のち勝家は賤ヶ岳の戦いを経て秀吉に滅ぼされ、信孝も秀吉と信雄に尾張国野間で切腹に追い込まれてしまうが、その後も頼綱は成政と反秀吉で連携し続けた。小牧・長久手の戦いの戦い後、秀吉は成政討伐のため自ら兵を率い越中へ出陣(富山の役)。

同時に金森長近に対し頼綱討伐を命じ金森勢は飛騨へ出陣する。この時、姉小路氏に飛騨を追われた江馬氏・広瀬氏・牛丸氏・鍋山氏も先導役として金森軍に加わっている。


金森軍は長近率いる本隊と可重(長近の養子)率いる別動隊に分かれ南北から飛騨に侵攻し、姉小路軍は次々に各個撃破されてしまう。

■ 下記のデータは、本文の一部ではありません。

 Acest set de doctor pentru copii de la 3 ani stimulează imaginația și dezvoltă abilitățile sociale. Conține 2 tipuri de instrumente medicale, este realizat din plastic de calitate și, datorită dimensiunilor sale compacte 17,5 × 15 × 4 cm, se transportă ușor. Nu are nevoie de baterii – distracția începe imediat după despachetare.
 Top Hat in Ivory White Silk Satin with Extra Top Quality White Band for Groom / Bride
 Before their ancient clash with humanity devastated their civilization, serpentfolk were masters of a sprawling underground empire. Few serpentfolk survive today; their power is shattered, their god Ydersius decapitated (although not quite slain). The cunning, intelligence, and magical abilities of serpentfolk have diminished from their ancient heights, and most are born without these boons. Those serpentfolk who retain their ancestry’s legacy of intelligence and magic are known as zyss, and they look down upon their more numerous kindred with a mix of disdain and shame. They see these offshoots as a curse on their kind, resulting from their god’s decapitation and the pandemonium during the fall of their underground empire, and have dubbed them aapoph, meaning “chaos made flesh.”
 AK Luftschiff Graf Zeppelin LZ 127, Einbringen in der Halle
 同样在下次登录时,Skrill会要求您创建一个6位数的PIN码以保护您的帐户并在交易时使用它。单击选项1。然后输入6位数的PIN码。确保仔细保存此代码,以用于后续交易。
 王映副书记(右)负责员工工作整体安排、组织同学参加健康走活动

頼綱は隠居城である高堂城を包囲されたが、長近の降伏勧告を拒否し籠城する。金森軍を迎え撃ち、金森軍は攻めあぐね苦戦する最中、朝廷より降伏の命があり、頼綱は朝命に従い降伏した。一方で姉小路小島家の小島時光・基頼は朝命が間に合わず金森軍に滅ぼされ小一条流姉小路家は名実ともに滅亡した。また、内ヶ島氏理は自ら富山へ成政救援に赴いたものの金森勢に留守居の家臣を調略され帰雲城を失ったため降伏し、成政も信雄の仲介で秀吉に降伏している。


頼綱降伏後も、秀綱は弟の季綱と共に本拠である松倉城にて抵抗を続けたが秀綱兄弟は木曾を目指して落ち延びる途中、落武者狩りに遭い落命し首は秀吉の命で獄門に掛けられたとされる。義弟の一宮三澤(三木国綱)は隠棲後に「三澤の乱」と呼ばれる一揆を起こすが可重に討たれた。


晩年編集

頼綱自身は信長や濃姫の親族であることや朝廷に仕える公卿だったため助命され、京まで厳重に護送され幽閉されたが、親族の近衛前久・遠藤盛隆・向宣政らの援助を受けて暮らした。

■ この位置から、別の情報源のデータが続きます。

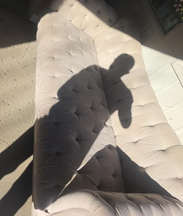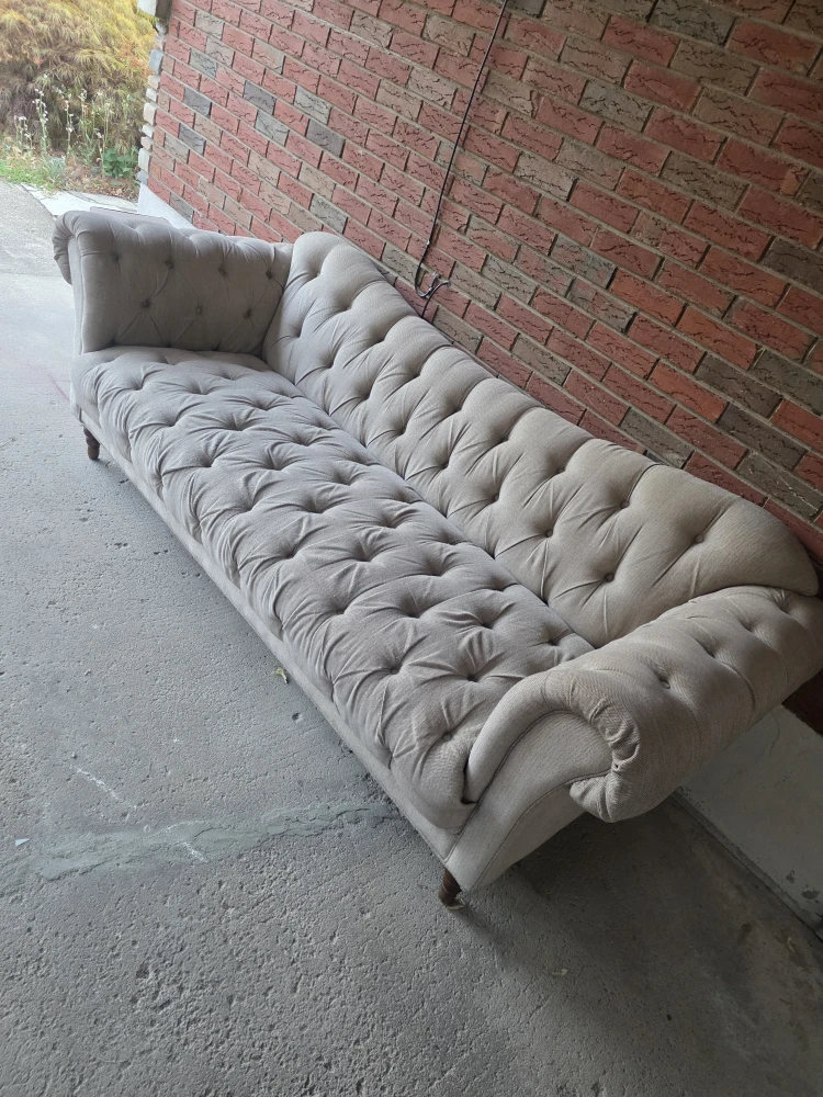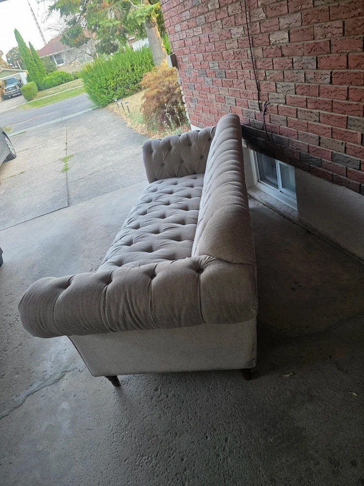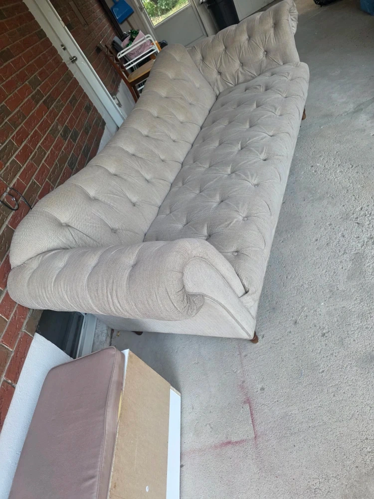Selling a tufted chaise lounge. It's in great condition and would look great in any living room or bedroom. It features a button-tufted design and a neutral colour that will complement any decor. Perfect for lounging and relaxing!
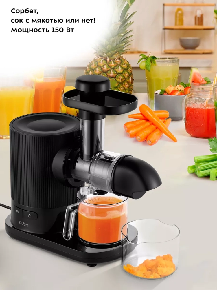 Шнековая соковыжималка Kitfort KT-1139 позволяет отжимать максимально возможное количество сока из фруктов, большинства овощей и зелени с сохранением всех их полезных компонентов: витаминов, аминокислот и минералов. Благодаря наличию разных фильтров в комплекте в соковыжималке можно приготовить сок с мякотью или без и фруктовый сорбет. Соковыжималка легко собирается и просто моется после работы.
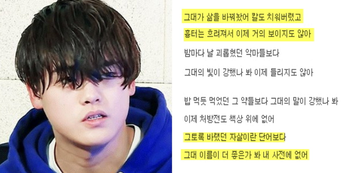 "그대가 삶을 바꿔놨어 칼도 치워버렸고 흉터는 흐려져서 이제 거의 보이지도 않아", "밥 먹듯 먹었던 그 약들보다 그대의 말이 강했나 봐, 이제 처방전도 책상 위에 없어", "그토록 바랬던 자살이란 단어보다 그대 이름이 더 좋은가 봐 내 사전에 없어"라는 가사도 눈길을 끈다.
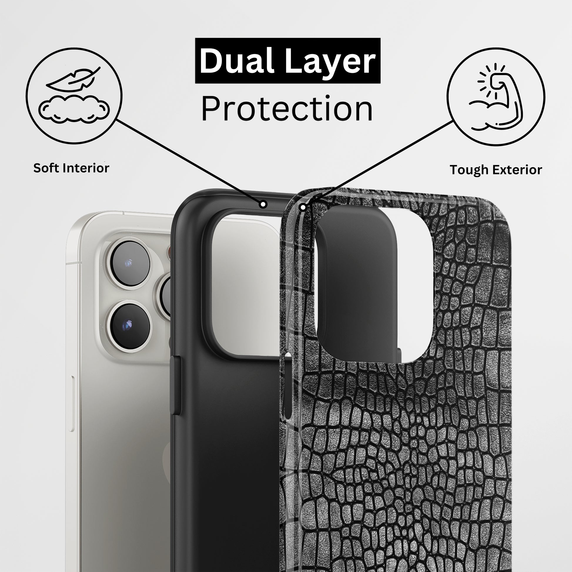 Protect your phone with a dual-layer case made for and compatible with iPhone devices. Durable, shock-absorbing, UV-protected, and wireless charging compatible. Choose matte or glossy with full-wrap 3D print and clear, open ports for easy access.
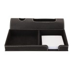 The Lexington leatherette desk organizer with contrast stitching includes a pen stand, 3 1/2″ wide phone holder, accessory tray and 100-page paper pad. Complies with Prop 65. 8 1/2″ W x 7 1/2″ H x 2 1/4″ D

幽閉から解放された後、頼綱は公家として朝廷に仕えた。姉小路(三木)氏の存続などを得ることに成功した。

その後、剃髪し休安と名乗り隠棲。1587年に逝去、享年48。京都にて手厚く葬られた。


血縁編集

  • 祖父:三木直頼
  • 父:三木良頼(姉小路嗣頼)
  • 母:近衛前嗣の娘で元姉小路高綱室
  • 正室:斎藤道三の娘(濃姫の同母妹で斎藤利治の同母姉)

  • 長男:姉小路信綱…暗殺されたのは1579年とも。
  • 次男:姉小路秀綱…姉小路氏最後の当主。
  • 三男:姉小路季綱…顕綱死後、鍋山氏を継承。名は鍋山元綱とも。
  • 四男:森直綱…尾張藩徳川義直(家康の九男)に出仕。
  • 五男:小島基頼…小島時光の養子。
  • 六男:三木近綱…三木に復姓。徳川家に出仕。名は元頼とも。

  • 弟:鍋山顕綱…鍋山安室の養子。
  • 義弟:三木国綱…妹婿。元は飛騨一ノ宮の神官で三木姓を許された。別名は一宮三澤。
  • 義弟:斎藤信利…妹婿。越中斎藤氏。上杉・織田・佐々・徳川に仕え最終的には江戸幕府旗本となる。

人物編集

  • 妻は正室のみで側室はいない。妻を娶った時期は祖父・三木直頼と舅・斎藤道三が共に存命していた1554年以前と考えられている。子宝に恵まれ、夫婦仲も悪くなく、頼綱が武将を廃業し公家になってからも最後まで京都にて共に過ごしているので絆は大きい。
  • 先述の通り母が近衛家関係であるので、朝廷より正式に姉小路氏の飛騨国司の地位を認められた。頼綱は戦国乱世においても朝廷を飛騨国より国司として支援し、援助を行い行事にも参加しており、朝廷からも頼られた。
  • 小島時光とは相性が良く最後まで好関係だったが、時光もまた頼綱の腹心としての立場を弁えて仕えた。
  • 織田信長の命で上洛した際には公家衆の一員として扱われた。
  • 徳川家康との関係は良好であり、このためか生き残った直綱や近綱及び他の親族たちの出仕を徳川家に認められている。
  • 豊臣秀吉が上杉景勝に宛てた飛騨征伐についての書簡では頼綱や秀綱を旧姓の「三木」で記している。
  • 本拠地とした高山が現在でも「飛騨の小京都」と呼ばれているのは姉小路(三木)氏や金森氏の文化力の高さのおかげと言えるかもしれない。
  • 松倉城に本拠地を移転してからは夏は松倉城に居し、冬は旧本拠地の桜洞城に居していた。なお、隠居後は隠居先の高堂城で過ごした。
  • 岐阜県飛騨地域の弾昌寺において頼綱肖像画や位牌を拝観できる。

創作物での扱い編集

戦国BASARAシリーズ編集

緑

姉小路頼綱(戦国BASARA)


信長の野望シリーズ編集

『全国版』から近作『創造』までシリーズ全作に登場。名前や顔画像がない初代『信長の野望』でも「姉小路」姓の大名が登場している。シリーズを通して大体絶望的な大名の象徴。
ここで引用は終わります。